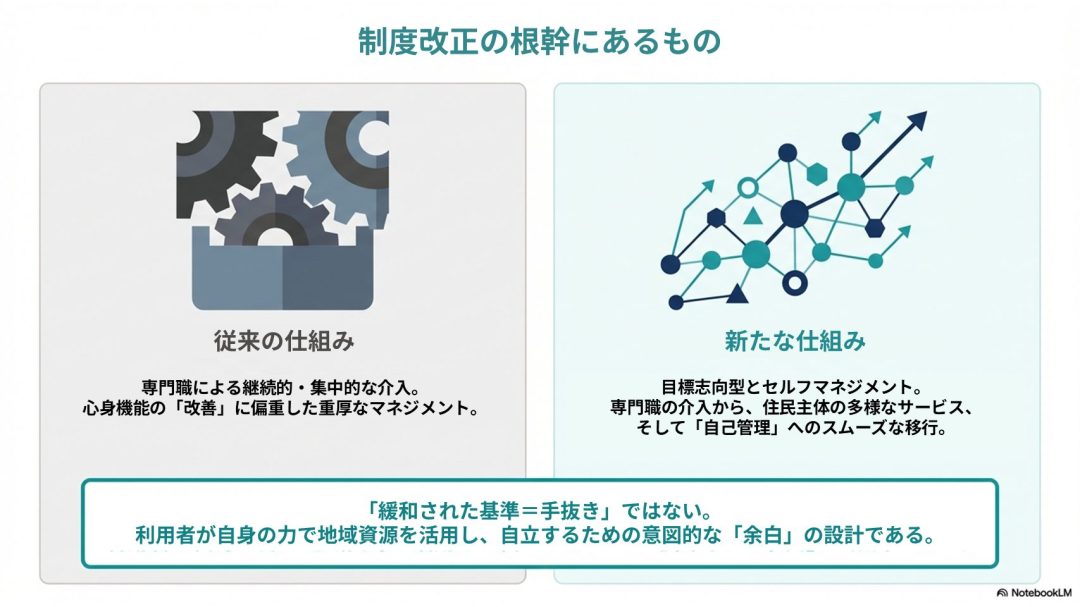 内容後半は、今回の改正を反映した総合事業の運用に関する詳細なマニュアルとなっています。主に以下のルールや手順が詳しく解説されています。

------------

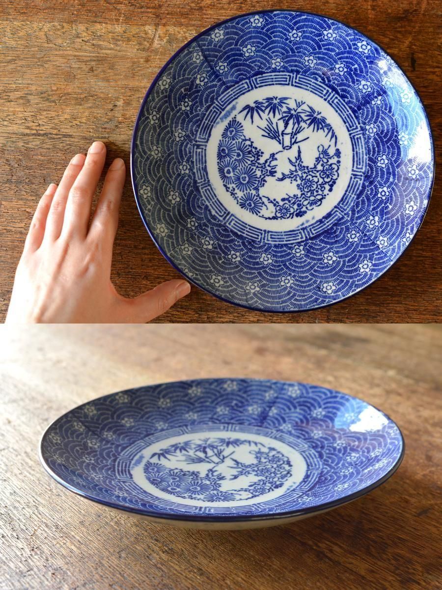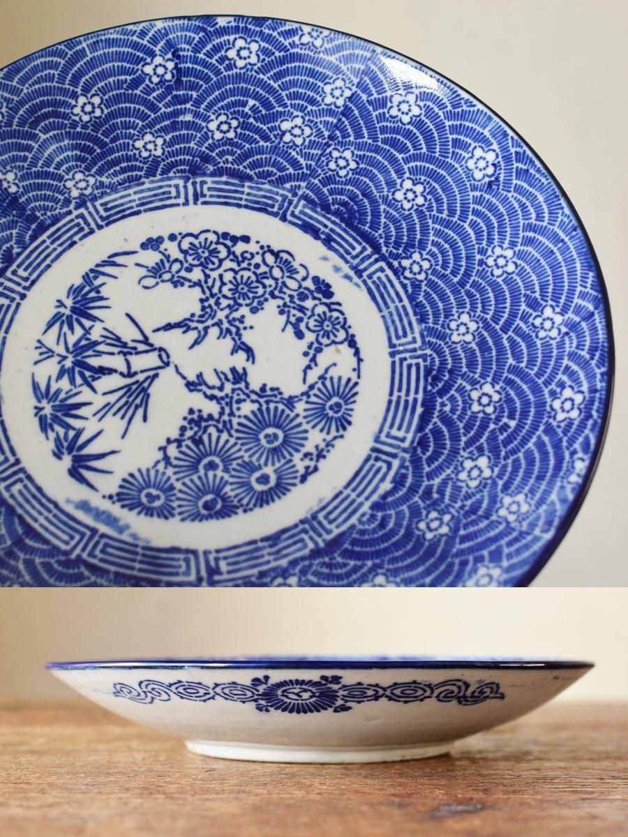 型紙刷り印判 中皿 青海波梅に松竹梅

------------

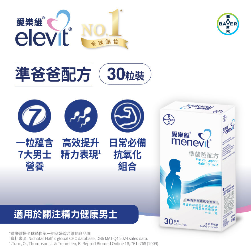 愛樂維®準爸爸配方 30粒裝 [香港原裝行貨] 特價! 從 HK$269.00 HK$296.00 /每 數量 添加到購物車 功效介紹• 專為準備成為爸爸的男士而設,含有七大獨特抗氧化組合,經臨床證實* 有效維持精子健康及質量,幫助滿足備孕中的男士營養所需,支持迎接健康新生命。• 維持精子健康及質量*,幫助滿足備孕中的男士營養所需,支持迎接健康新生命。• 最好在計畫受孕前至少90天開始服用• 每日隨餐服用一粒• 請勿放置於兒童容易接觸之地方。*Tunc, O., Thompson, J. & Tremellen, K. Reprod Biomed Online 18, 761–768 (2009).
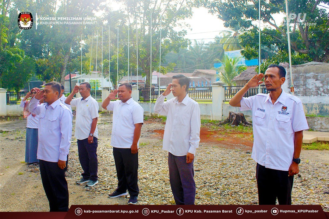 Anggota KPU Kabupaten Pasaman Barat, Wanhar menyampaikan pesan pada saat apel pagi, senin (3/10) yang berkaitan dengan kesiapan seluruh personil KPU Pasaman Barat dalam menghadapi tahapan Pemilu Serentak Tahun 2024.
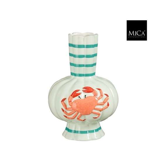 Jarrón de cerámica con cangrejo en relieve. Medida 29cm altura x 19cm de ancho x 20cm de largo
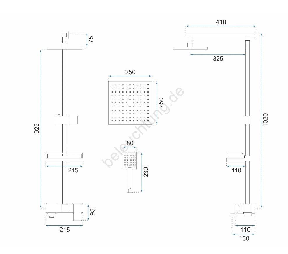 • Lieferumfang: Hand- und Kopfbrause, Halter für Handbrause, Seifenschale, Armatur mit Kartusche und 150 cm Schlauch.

------------

Using the data above, which lines fall from the one with "Anggota KPU Kabupaten" through the one with "150 cm Schlauch."? Repeat them exactly, ends included, minus any pictures.

 Anggota KPU Kabupaten Pasaman Barat, Wanhar menyampaikan pesan pada saat apel pagi, senin (3/10) yang berkaitan dengan kesiapan seluruh personil KPU Pasaman Barat dalam menghadapi tahapan Pemilu Serentak Tahun 2024.
 Jarrón de cerámica con cangrejo en relieve. Medida 29cm altura x 19cm de ancho x 20cm de largo
 • Lieferumfang: Hand- und Kopfbrause, Halter für Handbrause, Seifenschale, Armatur mit Kartusche und 150 cm Schlauch.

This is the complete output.